In recent years, the usage of microwave in organic synthesis has become very
prevalent. Microwave-assisted synthesis is a particularly appealing alternative to
synthesis under thermal conditions since they often proceed much faster and deliver
products with higher yields and higher purity. With conventional heating using an
external heat source such as an oil bath, the energy transfer to the sample is almost
slow and inefficient, conversely, microwave energy is transferred directly to the
reaction mixture through dielectric heating. The heating is mainly caused by dipolar polarization and ionic conduction [39]. In this regard, in the continuation of our
previous group works on the development of multicomponent reactions for the synthesis of imidazole derivatives [40, 41], we herein describe a facile and efficient
strategy for the synthesis of ethyl-2-(3-aryl imidazo[1,2-a]pyridin-2-yl)acetates and
ethyl 3-aryl-3-(pyridin-2-ylamino)propanoates via the three-component reaction of
2-aminopyridine and Meldrum’s acid in the presence of aryl glyoxals or aryl aldehydes in ethanol at reflux and microwave conditions.
Results and discussion
To find the optimized conditions, we studied the synthesis of ethyl 2-(3-(p-tolyl)
imidazo[1,2-a]pyridin-2-yl)acetate 4a via the three-component reaction of Meldrum’s acid 1 with 4-methylphenylglyoxal 2a and 2-aminopyridine 3 under a variety
of conditions (Table 1).
The optimization of the reaction conditions, including solvent, catalyst, and temperature was investigated. First, various solvents such as ­H2O, EtOH, ­H2O/ EtOH,
­CH3CN, THF, and toluene, were examined, and ethanol was proven to be the preeminent solvent for this reaction. Then, the reaction was carried out in the presence
of acetic acid as catalyst at room temperature in ethanol solvent (Table 1, entry 8).

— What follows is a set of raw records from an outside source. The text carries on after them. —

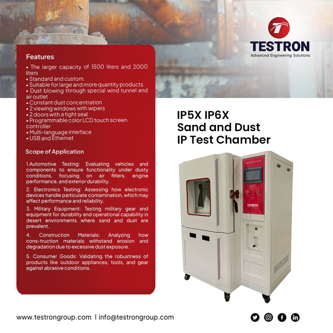 Application of IP5X IP6X Sand and Dust IP Test Chamber-Testron group USA Dust and sand ingress can severely impact the performance and longevity of critical components. The sand and dust IP test chamber recreates natural desert-like conditions, where fine particles are suspended and circulated under controlled airflow and temperature. These tests help determine if seals, enclosures, and protective coatings can withstand long-term exposure to sand and dust without compromising function or safety. The Testron IP5X and IP6X Sand and Dust IP Test Chambers are specifically designed for IP ratings that evaluate protection against solid particles. IP5X testing assesses dust protection where partial ingress is allowed, while IP6X testing ensures complete dust-tight sealing. With multiple chamber capacities ranging from 800 to 2000 liters, Testron’s chambers cater to various testing requirements, from small electronics to large automotive assemblies.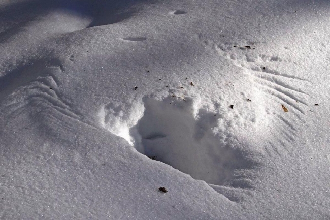 A large-winged bird leaves its impression in the snow at Tamarac National Wildlife Refuge in Minnesota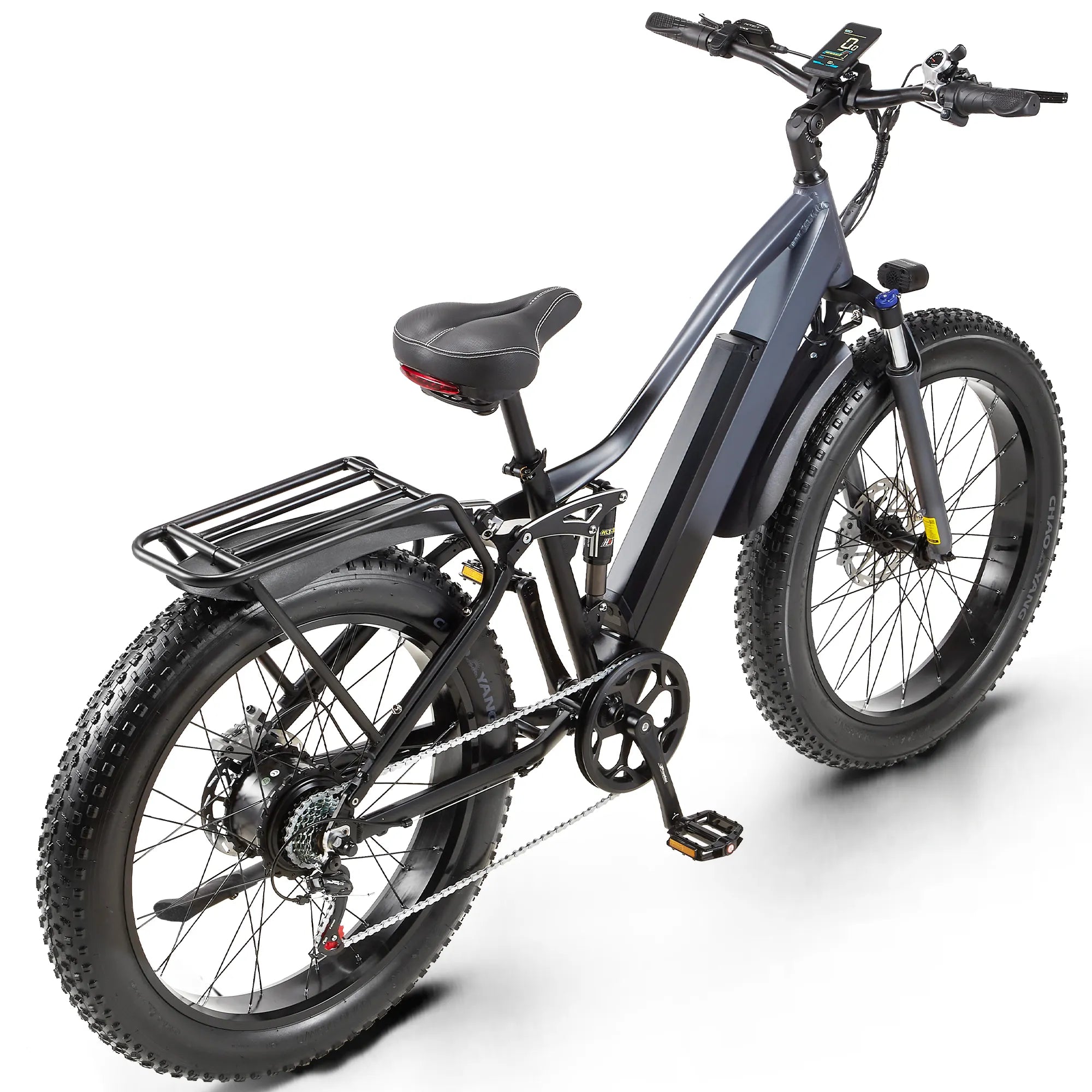 Get ready to conquer any trail with the CMACEWHEEL Electric Bike TP26! Featuring sturdy 26x4.0-inch tires and dual suspension, this e-mountain bike promises a smooth ride over rough terrain. Its powerful 20Ah battery keeps you going longer, while the 7-speed gear system lets you switch up your pace with ease. Adventure awaits—ride it your way and have a blast!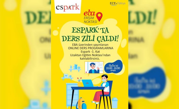 Espark Alışveriş Merkezi, uzaktan eğitime ulaşmakta sorun yaşayan öğrencileri yalnız bırakmıyor. Alışveriş merkezi içinde bulunan Uzaktan Eğitim Noktası’na velisiyle gelen öğrenciler, EBA TV üzerindeki derslerini rahatça takip edebiliyor. Hafta içi 10.00-18.00 saatleri arasında hizmet verecek Uzaktan Eğitim Noktası’nda, ilk ve orta öğretim öğrencileri bilgisayar ve internetten ücretsiz olarak faydalanabiliyor. Bu sayede öğrenci hem EBA TV’deki kayıtlı ders videoları izleyebiliyor hem de canlı derslere katılabiliyor.

Finally, we observed that the reaction temperature also have an important influence
on the reaction. So that the reaction was carried out at room temperature in 2 h,
the product was formed in 45% yield, but under reflux conditions in the same time,
the product was formed in 60% yield (Table 1, entries 8 and 11). It was found that
a longer time of the reaction in acetic acid at reflux conditions did not improve the
yield (Table 1, entry 12). A series of experiments revealed that the optimal results
were obtained when the reaction of Meldrum’s acid (1, 1.0 mmol) was conducted
with 4-methylphenylglyoxal (2a, 1.0 mmol), and 2-aminopyridine (3, 1.0 mmol)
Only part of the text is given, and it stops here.